2010年6月23日水曜日

読書術(14)

 轡田隆史氏の『1000冊読む!読書術』の14話目です。

 5章は、「1000冊読破」からの贈り物~もし、本がなかったら世の中はどうなる、です。

 2009年1月にアメリカ初の黒人大統領が誕生しました。当初は、暗殺されるのではないかなどと心配されましたが、今は、自然に馴染んでいるように思われます。

 ワシントンでの就任式で、宣誓のためオバマ大統領が手を置いた聖書は、かって奴隷解放のために闘い、南北戦争(1861~65年)に勝利して間もなく暗殺された第16代大統領リンカンが愛用したものでした。リンカン大統領を理想と仰ぐオバマ新大統領の、たっての希望によって国会図書館から借りだされたものでした。

 南北戦争は4年間もつづき、南北双方で、第2次世界大戦のときよりもはるかに多い計62万人の死者を出しました。アメリカを真っ二つに割ったこの恐るべき内戦によって、ともかくも奴隷は解放されました。

 轡田氏は、読書という視点から、この黒人奴隷の問題を考えたいと言っています。
 ワシントンが初代大統領に就任したのは、リンカンが第16代大統領になる71年前のことです。
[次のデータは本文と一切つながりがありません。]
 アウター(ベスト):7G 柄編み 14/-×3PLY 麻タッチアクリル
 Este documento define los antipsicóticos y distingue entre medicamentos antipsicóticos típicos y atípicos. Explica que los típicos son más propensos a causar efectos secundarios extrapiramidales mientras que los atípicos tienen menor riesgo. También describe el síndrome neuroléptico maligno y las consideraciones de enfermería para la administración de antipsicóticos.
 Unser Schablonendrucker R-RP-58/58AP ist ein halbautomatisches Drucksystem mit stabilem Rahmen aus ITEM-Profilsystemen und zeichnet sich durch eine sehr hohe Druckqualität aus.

ワシントンの就任した翌年の1790年、初めての国勢調査がおこなわれました。アメリカの総人口はわずかに約393万人でした。このうち黒人が約76万人。そのうち約70万人が奴隷の身分でした(猿谷要『物語アメリカの歴史 超大国の行方』(中公新書)。70万人の奴隷を解放するために北と南で62万人が死んだということは、戦争の熾烈さとリンカンなどの志の高さを感じます。

 奴隷生活の中で、厳しく禁止されたのが、文字を覚えることと書物を手にすることでした。理由は、はっきりしていて、奴隷たちが文字を覚え、書物が読めるようになれば、奴隷制度反対の文書も読めるようになるし、自分たちのおかれている過酷な状況も思考をめぐらすようになると奴隷の所有者たちは考えたのです。
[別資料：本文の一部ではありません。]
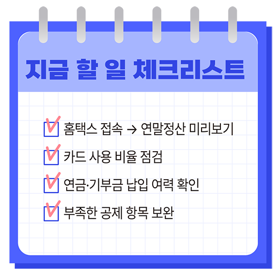 Á÷ÀåÀÎ 5¸í Áß 1¸íÀº ¿¬¸»Á¤»ê¿¡¼ Ãß°¡ ¼¼±ÝÀ» ³»´Â °ÍÀ¸·Î ³ªÅ¸³µ´Ù. ±¹¼¼Ã» ±¹¼¼Åë°èÆ÷Åп¡ µû¸£¸é 2022³â ±Í¼Ó ±Ù·Î¼ÒµæÀÚ 2053¸¸ ¸í Áß 398¸¸ ¸í(19.4%)ÀÌ ¼¼±Ý ȯ¼ö¸¦ Å뺸¹Þ¾Ò´Ù. ÀÌ¿¡ µû¶ó ¿¬¸»Á¤»êÀ» ¾ÕµÎ°í »çÀü ÁغñÀÇ Á߿伺ÀÌ Ä¿Áö°í ÀÖ´Ù. ±¹¼¼Ã» ȨÅýº ¡®¿¬¸»Á¤»ê ¹Ì¸®º¸±â¡¯ ¼ºñ½º¸¦ Ȱ¿ëÇϸé Ä«µå »ç¿ë¾×, ¿¬±ÝÀúÃà, ±âºÎ±Ý µî °øÁ¦ Ç׸ñÀ» Á¡°ËÇØ ¿¹»ó ¼¼¾×À» È®ÀÎÇÒ ¼ö ÀÖ´Ù. ³²Àº ±â°£ Àü·«ÀûÀÎ ¼Òºñ¿Í Àý¼¼ ¼³°è°¡ ¡®13¿ùÀÇ ¿ù±Þ¡¯À» Á¿ìÇÒ Àü¸ÁÀÌ´Ù.

 アメリカ南部では、ことばのつづりを仲間に教えようとした奴隷が、農園の所有者によって縛り首にされることも一般的だったそうです(A・マングエル著『読書の歴史 あるいは読者の歴史』(原田範行訳、柏書房))。

 南北戦争による奴隷解放以前は、奴隷たちから書物を取り上げておくことが、奴隷支配の重要な手段でした。家畜のように、思考を停止させておきます。そのためには、書物を読ませません。これは、まことに恐るべき手段だったのです。

 さて、そのリンカン大統領自身の読書はどうだったのでしょうか。シェイクスピアが愛読書でした。後年の名演説は、その影響だといわれているほどです。南北戦争の激戦地ゲティスバーグでの戦死者追悼演説のなかの、最も有名な部分、人民の、人民による、人民のための政府がこの世から消え去ることはないだろう。
“and that government of the people, by the people, for the people, shall not perish from the earth.”